WHAT IS BEING ASKED ▸ Repeat the listing below in full and exactly. Pictures are to be omitted.

DATA PROVIDED ▸
───

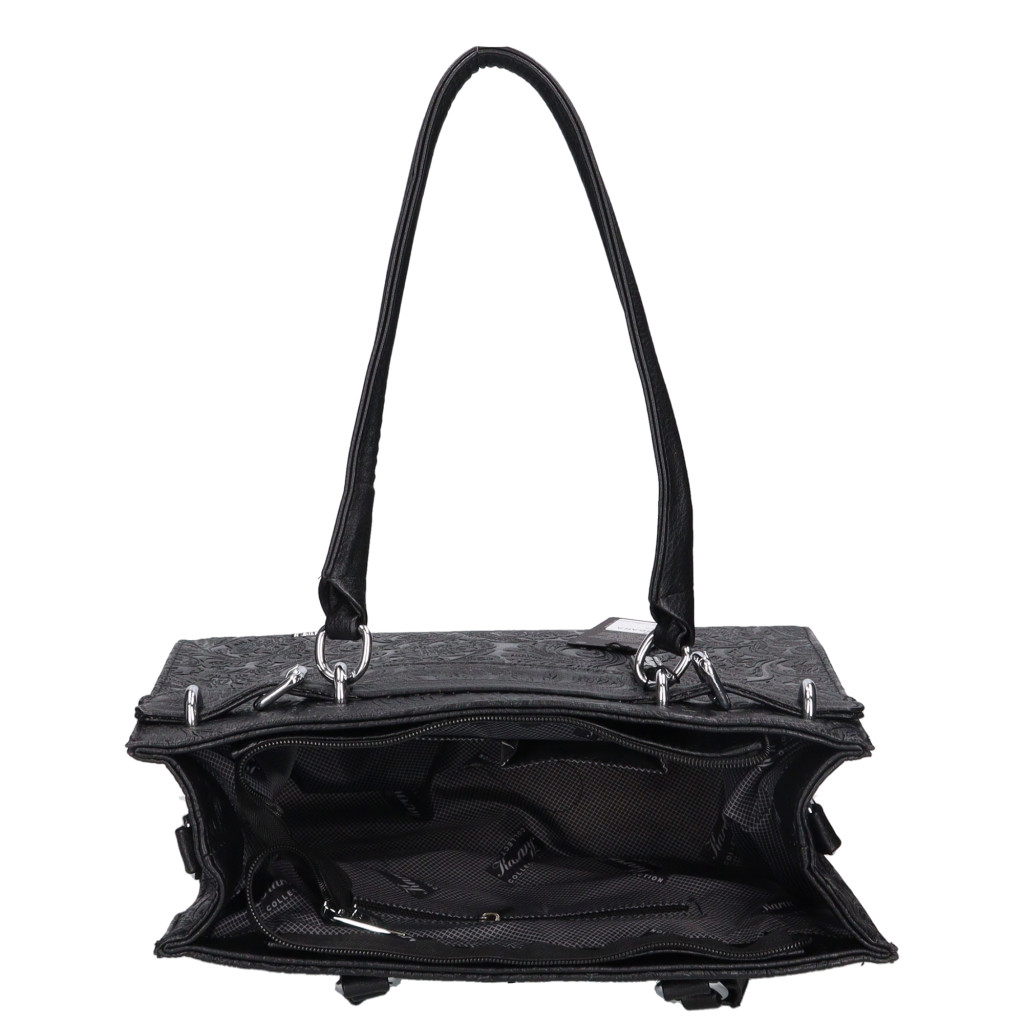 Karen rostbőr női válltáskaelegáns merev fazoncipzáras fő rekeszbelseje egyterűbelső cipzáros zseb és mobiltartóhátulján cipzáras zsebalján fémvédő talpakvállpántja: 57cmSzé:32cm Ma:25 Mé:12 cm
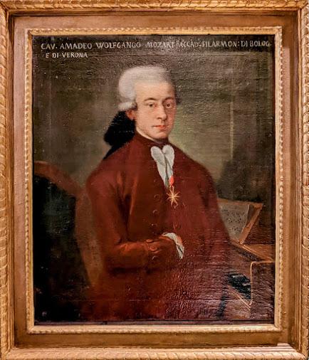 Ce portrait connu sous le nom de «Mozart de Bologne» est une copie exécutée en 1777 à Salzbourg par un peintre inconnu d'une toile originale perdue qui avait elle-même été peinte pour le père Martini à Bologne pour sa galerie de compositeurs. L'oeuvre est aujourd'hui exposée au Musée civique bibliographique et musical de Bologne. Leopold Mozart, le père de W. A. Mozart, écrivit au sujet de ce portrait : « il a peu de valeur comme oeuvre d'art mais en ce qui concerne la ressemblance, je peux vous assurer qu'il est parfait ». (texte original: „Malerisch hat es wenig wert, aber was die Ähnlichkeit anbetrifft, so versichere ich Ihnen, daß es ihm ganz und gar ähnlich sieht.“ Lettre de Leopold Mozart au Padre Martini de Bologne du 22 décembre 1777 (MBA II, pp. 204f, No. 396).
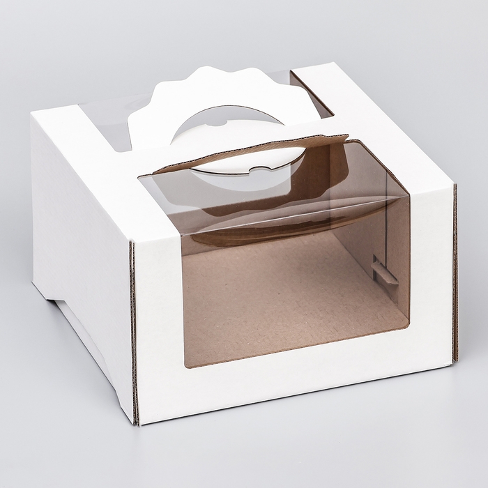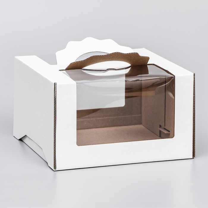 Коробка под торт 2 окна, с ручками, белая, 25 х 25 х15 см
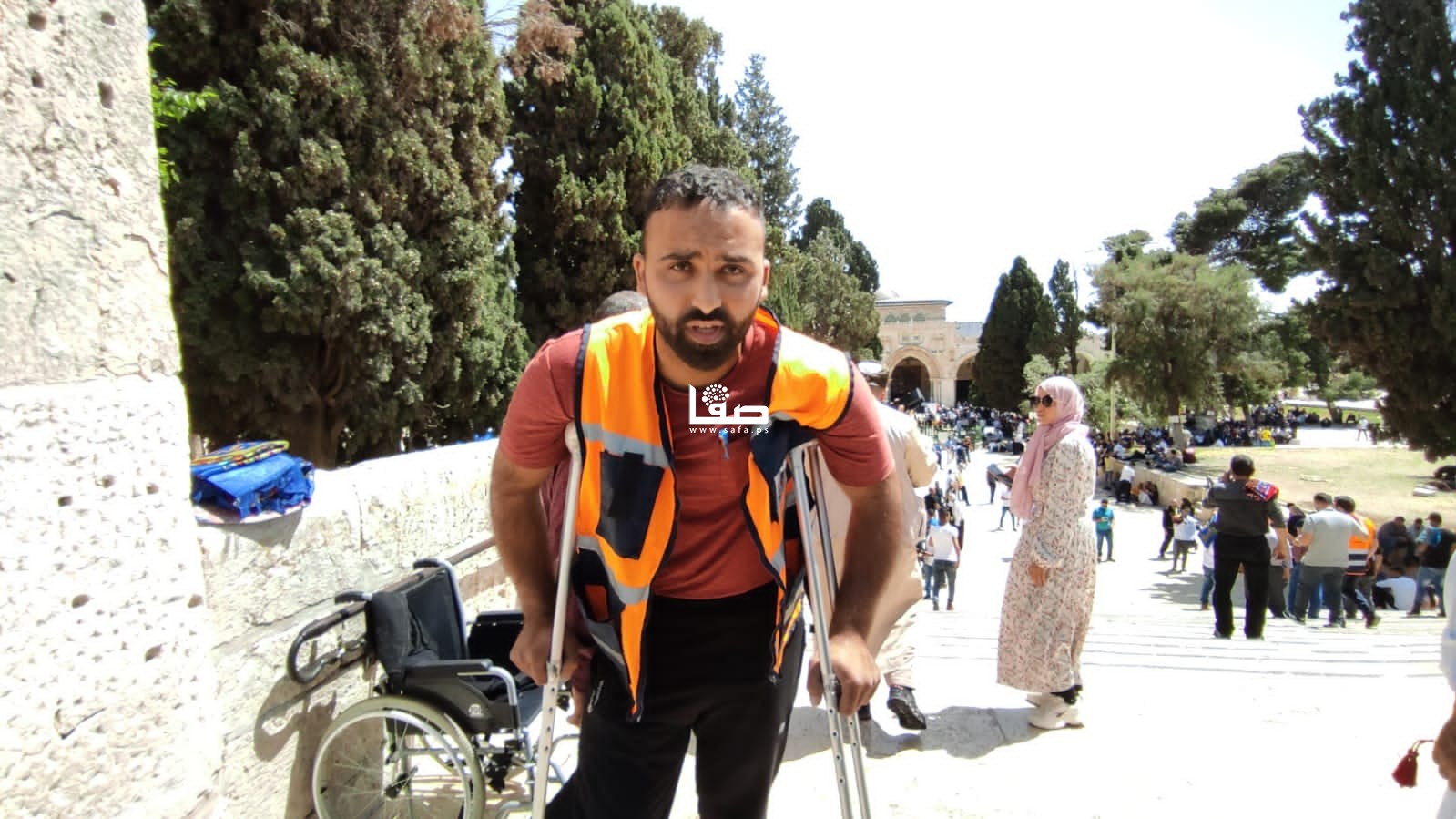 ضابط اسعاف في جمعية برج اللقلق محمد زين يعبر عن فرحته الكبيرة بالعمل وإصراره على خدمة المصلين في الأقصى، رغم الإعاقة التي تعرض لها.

───

COMPLETED TASK ▸
 Karen rostbőr női válltáskaelegáns merev fazoncipzáras fő rekeszbelseje egyterűbelső cipzáros zseb és mobiltartóhátulján cipzáras zsebalján fémvédő talpakvállpántja: 57cmSzé:32cm Ma:25 Mé:12 cm
 Ce portrait connu sous le nom de «Mozart de Bologne» est une copie exécutée en 1777 à Salzbourg par un peintre inconnu d'une toile originale perdue qui avait elle-même été peinte pour le père Martini à Bologne pour sa galerie de compositeurs. L'oeuvre est aujourd'hui exposée au Musée civique bibliographique et musical de Bologne. Leopold Mozart, le père de W. A. Mozart, écrivit au sujet de ce portrait : « il a peu de valeur comme oeuvre d'art mais en ce qui concerne la ressemblance, je peux vous assurer qu'il est parfait ». (texte original: „Malerisch hat es wenig wert, aber was die Ähnlichkeit anbetrifft, so versichere ich Ihnen, daß es ihm ganz und gar ähnlich sieht.“ Lettre de Leopold Mozart au Padre Martini de Bologne du 22 décembre 1777 (MBA II, pp. 204f, No. 396).
 Коробка под торт 2 окна, с ручками, белая, 25 х 25 х15 см
 ضابط اسعاف في جمعية برج اللقلق محمد زين يعبر عن فرحته الكبيرة بالعمل وإصراره على خدمة المصلين في الأقصى، رغم الإعاقة التي تعرض لها.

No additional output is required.